Greg Low: In fact, that’s kind of an interesting thing, in general with analysis services, given the fact that you’re trying to aggregate things to keep performance really high, you would think that granular security is almost direct opposite goal of that. Just wondered how the tradeoff works in that area.
Richard Tkachuk: Well, great question. Two aspects of that: first, analysis service has two separate security models, one is cell security, where you couldn’t see the value of a certain cell, for example, you couldn’t see combination of profit for North America but you could see profit for Australia. That’s cell security. The other is called dimension security. That is, prohibiting some users from seeing any members of the dimension. For example, I could see USA and Canada, but not Australia; would be as if the country wouldn’t exist in database. Nothing I could do to see whether it was there. For calculations, we handle dimension security very well. That is handled in storage engine so the calculations are evaluated on top of the records on storage engine. Cell security is harder. Do see changes in performance applied to cell security applied to a cube versus dimension security, or no security at all.
Greg Low: Yes, that does answer the question. Another one in an allied area is increasing amount of encryption being used in transactional databases and I wonder, down the track, does that have any impact on what can be pulled out into Analysis Services. Is there any issue with encryption?
Richard Tkachuk: The analysis services is the little brother of database engine. You see lots of features; we’ll talk about these in few minutes. One of the things the SQL Server engine has incorporated in itself is encryption and actually in the next release, I’m no expert but somebody that expects encryption they’ve made it even richer feature being able to encrypt data, manage keys inside and outside the engine. The analysis services engine itself doesn’t offer the mechanism to encrypt data.
Greg Low: One of things I find very interesting haven’t yet seen widely deployed column level security in SQL Server level 2005. The beauty to me is idea that I can encrypt particular columns then, when someone issues a select statement against the table, depending on which certificates they have open at the time, they either see or don’t see the data. And I think there’s an inherent beauty in that, because the application doesn’t have to deal with that as long as the identity is being propagated down to database level. Whereas typically in an application you see endless code that says if they’re in this role show them this; otherwise turn this off, in the next layers up. There’s a kind of a beauty in being able to issue a statement against a database and then depending upon who you are, you see different data without actually modifying the statement at all.

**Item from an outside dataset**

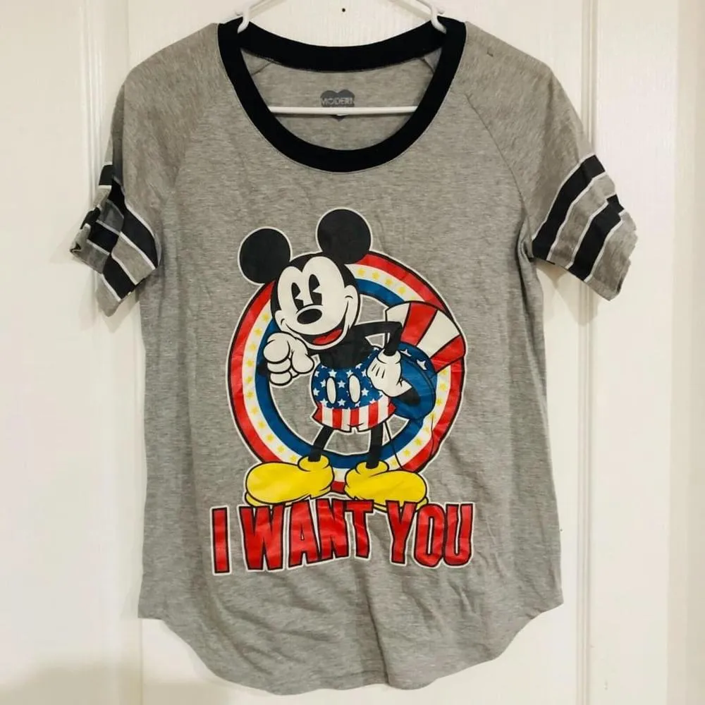 Modern Lux Women's T-Shirt US Flag Mickey Mouse I Want You Gray Size Small Condition: New without Tag, Size written on tag since info was erased Brand: Modern Lux Color: Gray Size: Small Please feel free to reach out to me if you have any questions. Ships 1-3 business days after purchase Comes from a pet free/ smoke free environment

Richard Tkachuk: Analysis services has something related to that, with dimension security: if you’re a member of role in my database, I can configure things such that you don’t know that what you think of as a column, and I think of as a member, even exists.
Greg Low: That’s one of the aspects of security, stopping people being curious. “You shouldn’t even know something exists if you don’t have access to it.”
Richard Tkachuk: And now to push that a little bit further, concept of advanced analysis services people know something about visual totals. We aggregate data very well. If we apply dimension security, what should the value you see for all countries be? If you can only see a subset of countries. What we spent lot of time on is thinking through these problems, more interesting if you look multidimensionally, you can see some members of this dimension, some of this dimension…how do things aggregate up properly? This is something that just works in analysis services.
Greg Low: Now in terms of the maturity of product itself, we are now a few versions in. It intrigues me that when I look back at SQL Server product, the introduction of Analysis Services was a significant turning point in the product. I suspect that the introduction of spatial data now could be the same sort of turning point. In terms of where analysis services is, where is it on maturity curve?
Richard Tkachuk: That is a good question, and we could talk for an hour or two about that topic. Let me start this way: it’s just beginning on the analysis side. When you think of what people need to do to be able to derive meaning from their data, it is up to the people in the industry to offer those mechanisms and see what customers accept and what they do not. On analysis services side, it’s so entrepreneurial in terms of what do we need to add so people can gather meaning from the data in their organization large or small. There’s so much there you can do with features that you can provide. And then those features have to be exposed in client applications via grid, via visualization. It’s something that is booming for last 10 years. I really don’t think there is an end in sight. It’s a very exciting business to be in. The question of maturity: analysis services is a mature product: 2000, 2005 release, in upcoming 2008 release. I would continue to look for innovations being incorporated to product. So much room to grow.
Greg Low: In terms of user experience, most people start to become familiar with pivot tables, things like that. Whenever I see visualization, it comes down to either reporting or pivot tables. Do you think there’s still a big gap in how things get presented, used by users?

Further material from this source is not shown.